### What you will do
Copy out the data word for word. The images are not part of the copy.

### Given records
++++++

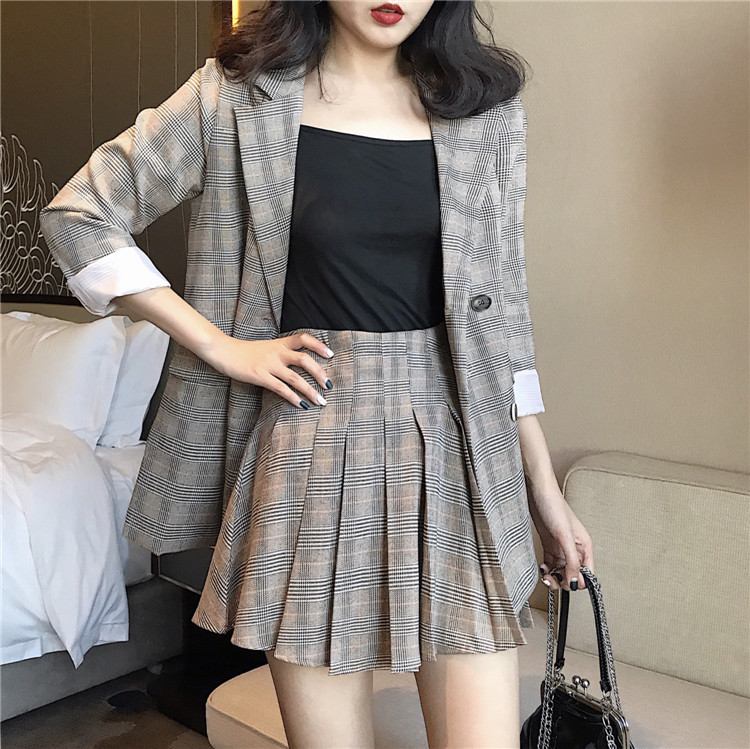 2018秋冬新款時尚套裝西裝格子外套高腰百褶裙九分褲西裝三件套女
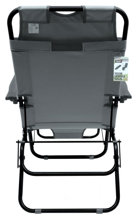Lehátko lze používat konvenčním způsobem, nebo lze složit do podoby rybářského křesla, jež ocení kdejaký outdoor nadšenec. Lehátko je opatřené výškově nastavitelným polštářem a opěrkami rukou pro maximální pohodlí.
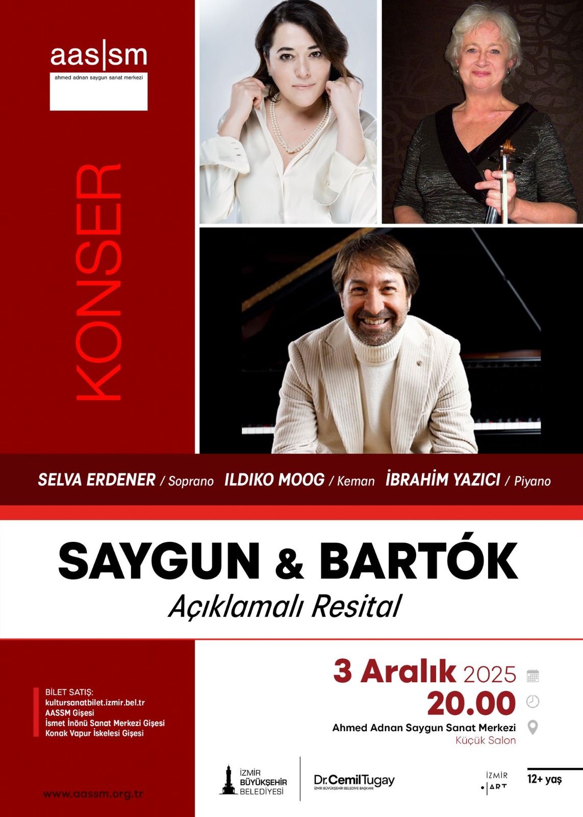 Saygun&Bartók Açıklamalı Resital, 3 Aralık’ta Küçük Salon’da saat 20.00’de başlayacak. 20. yüzyılın iki büyük bestecisi Béla Bartók ve Ahmed Adnan Saygun’un halk müziğini evrensel müzikle buluşturan yolculuğu, Selva Erdener (soprano), Ildiko Moog (keman) ve İbrahim Yazıcı’nın (piyano) sahnede olacağı bu özel resital ve anlatımla sahneye taşınıyor. Biletler, kultursanatbilet.izmir.bel.tr adresi üzerinden alınabiliyor. İzmir Devlet Senfoni Orkestrası, şef Alessandro Cedrone ve soprano Hyesang Park ile 5 Aralık’ta Büyük Salon’da olacak. Bilet satışlarının biletinial.com üzerinden yapıldığı konser, saat 20.00’de başlayacak.
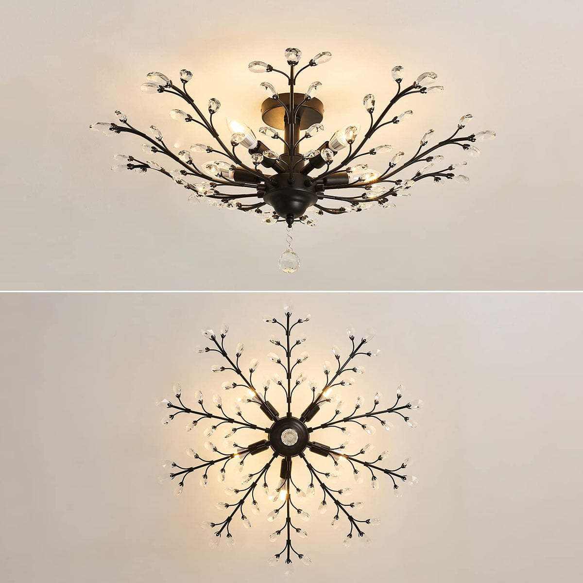 Q: What materials are used in this chandelier?A: This chandelier is made from metal and crystal. The combination provides both durability and an elegant aesthetic.
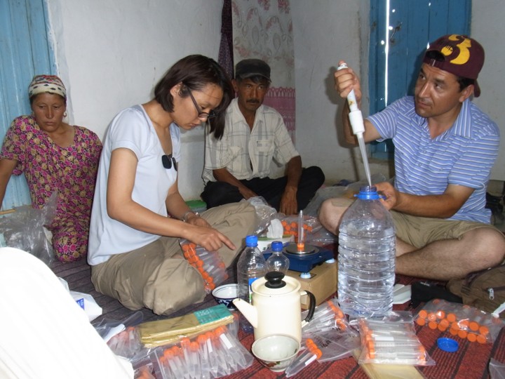 野外調査での分析試料採取の様子
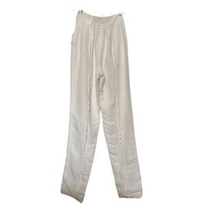 AJE WHITE LINEN BLEND MARTINO TAPERED LEG FRAY PANTS - 4
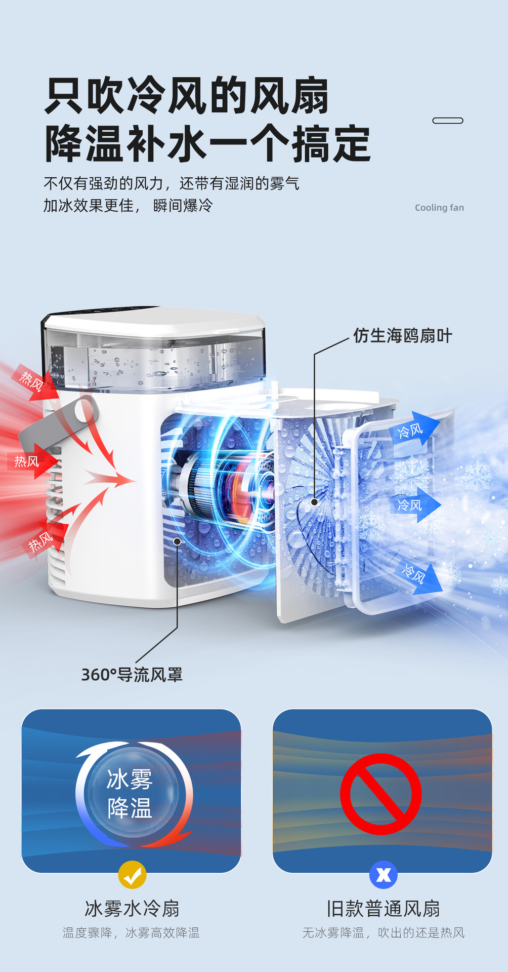 新款喷雾冷风机 迷你桌面跨境水雾风扇 家用便携式USB 空调水冷扇
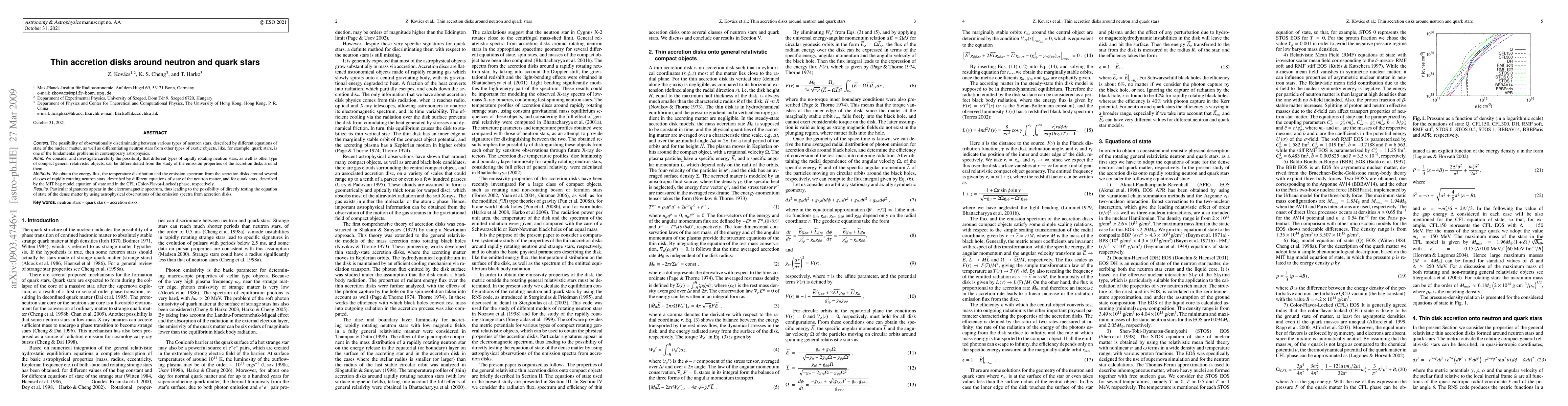 The study investigates the properties of thin accretion disks around rapidly rotating neutron and quark stars using general relativity. It calculates the energy flux, temperature distribution, and emission spectra for various equations of state (EOS) describing neutron matter and quark matter (MIT Bag model and CFL phase).
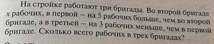 6. Составьте выражение по условию задачи и упростите его. На стройке работают три бригады. Во второй бригаде х рабочих, в первой — на 5 рабочих больше, чем во второй бригаде, а в третьей – на 3 рабочих меньше, чем в первой бригаде. Сколько всего рабочих в трех бригадах?
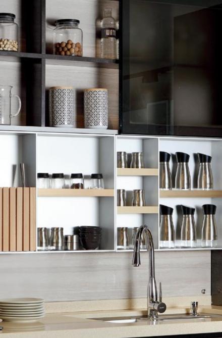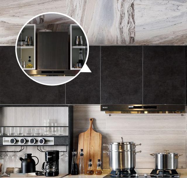 藏身于吊柜中的吸油煙機,關上柜門,與櫥柜融為一體。打開時,柜體兩側(cè)的畸形空間也規(guī)劃了收納區(qū),空間零浪費。打開開關,吸油煙機強勁的吸排力瞬間掃除油煙,即便是猛火爆炒產(chǎn)生的短時大量油煙也能快速清除。
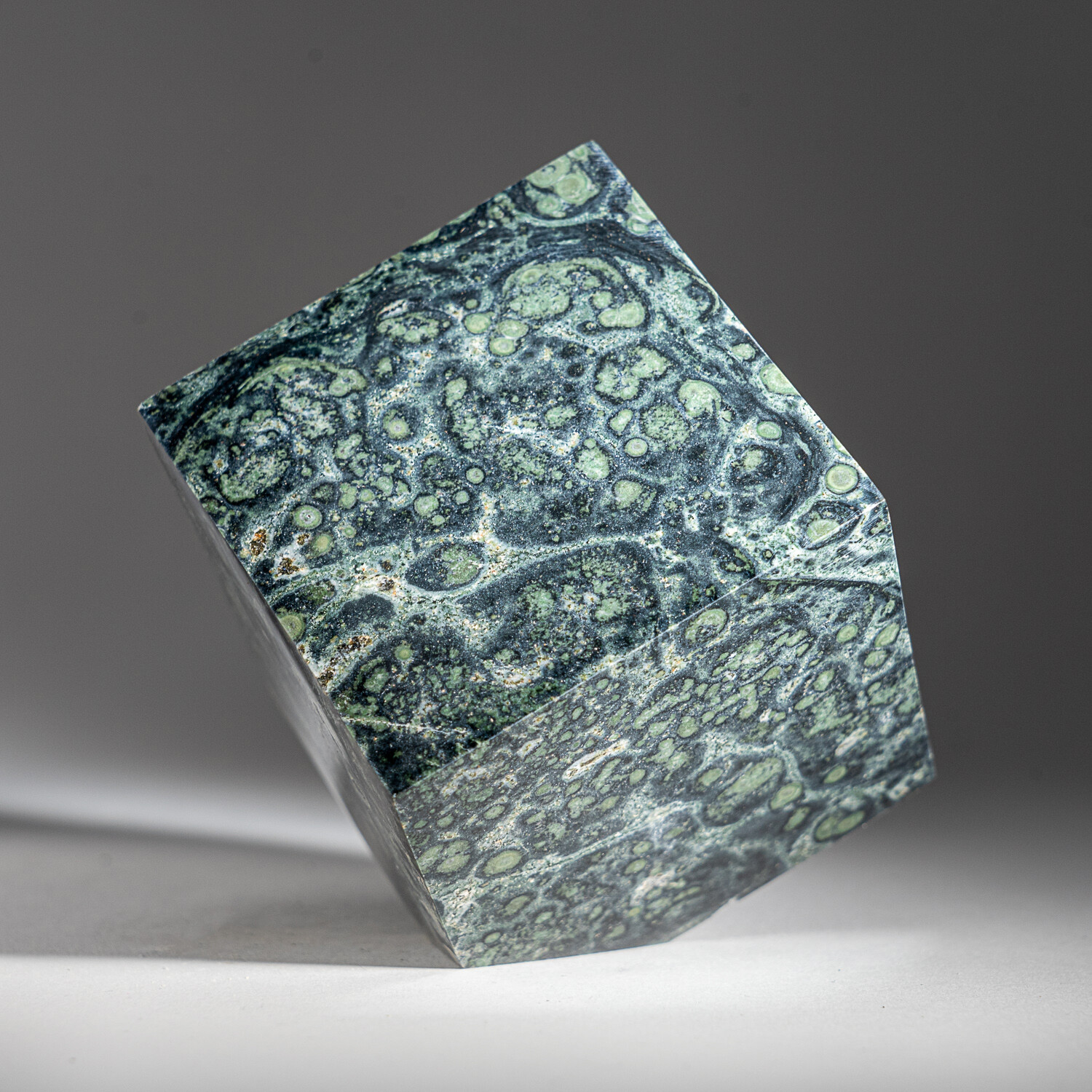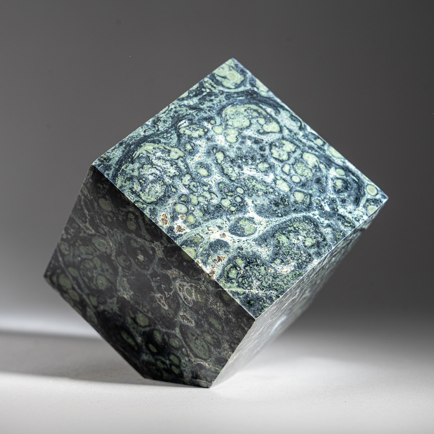 Beautiful, top-quality polished Kambaba-Jasper cube. Kambaba Jasper is a sedimentary stone with green orbicular patterns. This interesting piece is hand-polished on all sides.
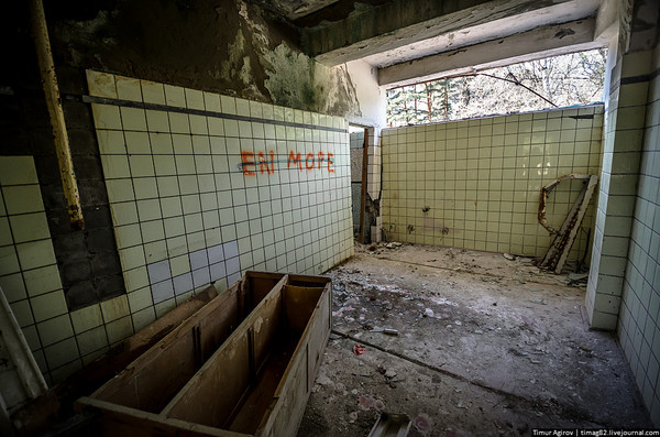 За пять дней нашего похода в Чернобыль волноваться, глядя на дозиметр, мне пришлось только дважды. Первый раз — когда мы решили срезать путь через лес и 30 минут пробирались по густым зарослям с фоном 2500 мкР/ч. Второй — когда я спускался в печально известный подвал медсанчасти №126 в Припяти, в одной из комнат которого до сих пор хранятся вещи пожарных, тушивших блок 26 апреля 1986 года. Но это два частных случая, все остальное время фон был таким же, как и в Киеве — 10-15 мкР/ч. Основная причина этому — время. Стронций и цезий — самые распространенные радиоактивные изотопы, которыми загрязнена зона, — имеют период полураспада 30 лет. Это значит, что активность этих элементов со времени аварии уже уменьшилась вдвое.
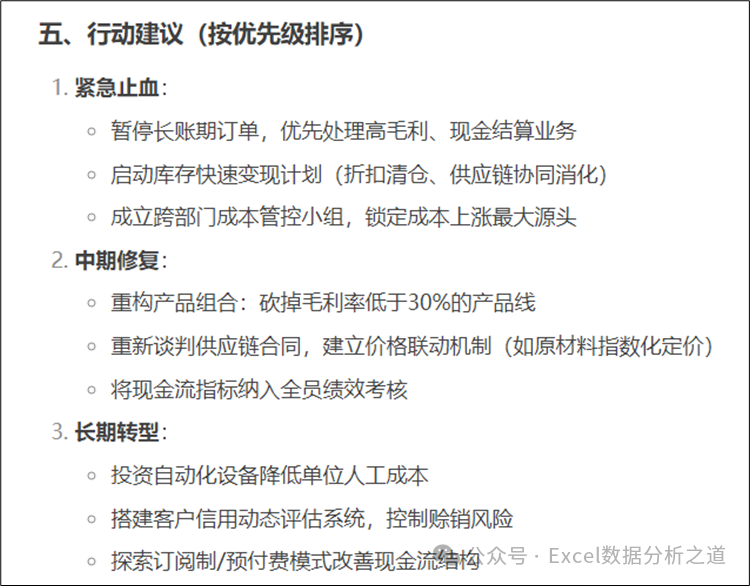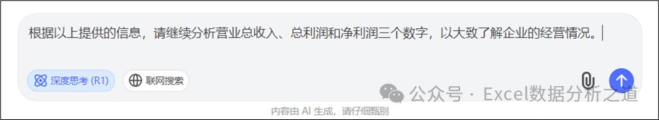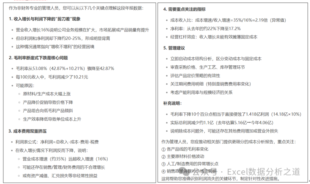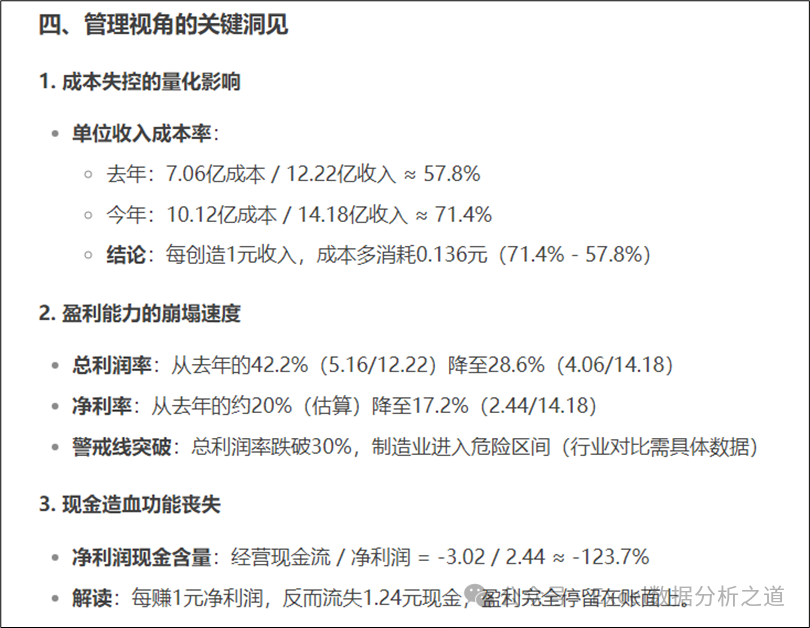 仔细阅读DeepSeek给出的解析信息,再结合企业实际情况,去进一步挖掘分析业务数据。例如,原材料成本是否同比大幅上涨?是哪些原材料成本上涨?期间费用特别是销售费用出现了什么样的变化?是否存在异常项目?等等。

++++++

### Exercise result
 2018秋冬新款時尚套裝西裝格子外套高腰百褶裙九分褲西裝三件套女
Lehátko lze používat konvenčním způsobem, nebo lze složit do podoby rybářského křesla, jež ocení kdejaký outdoor nadšenec. Lehátko je opatřené výškově nastavitelným polštářem a opěrkami rukou pro maximální pohodlí.
 Saygun&Bartók Açıklamalı Resital, 3 Aralık’ta Küçük Salon’da saat 20.00’de başlayacak. 20. yüzyılın iki büyük bestecisi Béla Bartók ve Ahmed Adnan Saygun’un halk müziğini evrensel müzikle buluşturan yolculuğu, Selva Erdener (soprano), Ildiko Moog (keman) ve İbrahim Yazıcı’nın (piyano) sahnede olacağı bu özel resital ve anlatımla sahneye taşınıyor. Biletler, kultursanatbilet.izmir.bel.tr adresi üzerinden alınabiliyor. İzmir Devlet Senfoni Orkestrası, şef Alessandro Cedrone ve soprano Hyesang Park ile 5 Aralık’ta Büyük Salon’da olacak. Bilet satışlarının biletinial.com üzerinden yapıldığı konser, saat 20.00’de başlayacak.
 Q: What materials are used in this chandelier?A: This chandelier is made from metal and crystal. The combination provides both durability and an elegant aesthetic.
 野外調査での分析試料採取の様子
 AJE WHITE LINEN BLEND MARTINO TAPERED LEG FRAY PANTS - 4
 新款喷雾冷风机 迷你桌面跨境水雾风扇 家用便携式USB 空调水冷扇
 The study investigates the properties of thin accretion disks around rapidly rotating neutron and quark stars using general relativity. It calculates the energy flux, temperature distribution, and emission spectra for various equations of state (EOS) describing neutron matter and quark matter (MIT Bag model and CFL phase).
 6. Составьте выражение по условию задачи и упростите его. На стройке работают три бригады. Во второй бригаде х рабочих, в первой — на 5 рабочих больше, чем во второй бригаде, а в третьей – на 3 рабочих меньше, чем в первой бригаде. Сколько всего рабочих в трех бригадах?
 藏身于吊柜中的吸油煙機,關上柜門,與櫥柜融為一體。打開時,柜體兩側(cè)的畸形空間也規(guī)劃了收納區(qū),空間零浪費。打開開關,吸油煙機強勁的吸排力瞬間掃除油煙,即便是猛火爆炒產(chǎn)生的短時大量油煙也能快速清除。
 Beautiful, top-quality polished Kambaba-Jasper cube. Kambaba Jasper is a sedimentary stone with green orbicular patterns. This interesting piece is hand-polished on all sides.
 За пять дней нашего похода в Чернобыль волноваться, глядя на дозиметр, мне пришлось только дважды. Первый раз — когда мы решили срезать путь через лес и 30 минут пробирались по густым зарослям с фоном 2500 мкР/ч. Второй — когда я спускался в печально известный подвал медсанчасти №126 в Припяти, в одной из комнат которого до сих пор хранятся вещи пожарных, тушивших блок 26 апреля 1986 года. Но это два частных случая, все остальное время фон был таким же, как и в Киеве — 10-15 мкР/ч. Основная причина этому — время. Стронций и цезий — самые распространенные радиоактивные изотопы, которыми загрязнена зона, — имеют период полураспада 30 лет. Это значит, что активность этих элементов со времени аварии уже уменьшилась вдвое.
 仔细阅读DeepSeek给出的解析信息,再结合企业实际情况,去进一步挖掘分析业务数据。例如,原材料成本是否同比大幅上涨?是哪些原材料成本上涨?期间费用特别是销售费用出现了什么样的变化?是否存在异常项目?等等。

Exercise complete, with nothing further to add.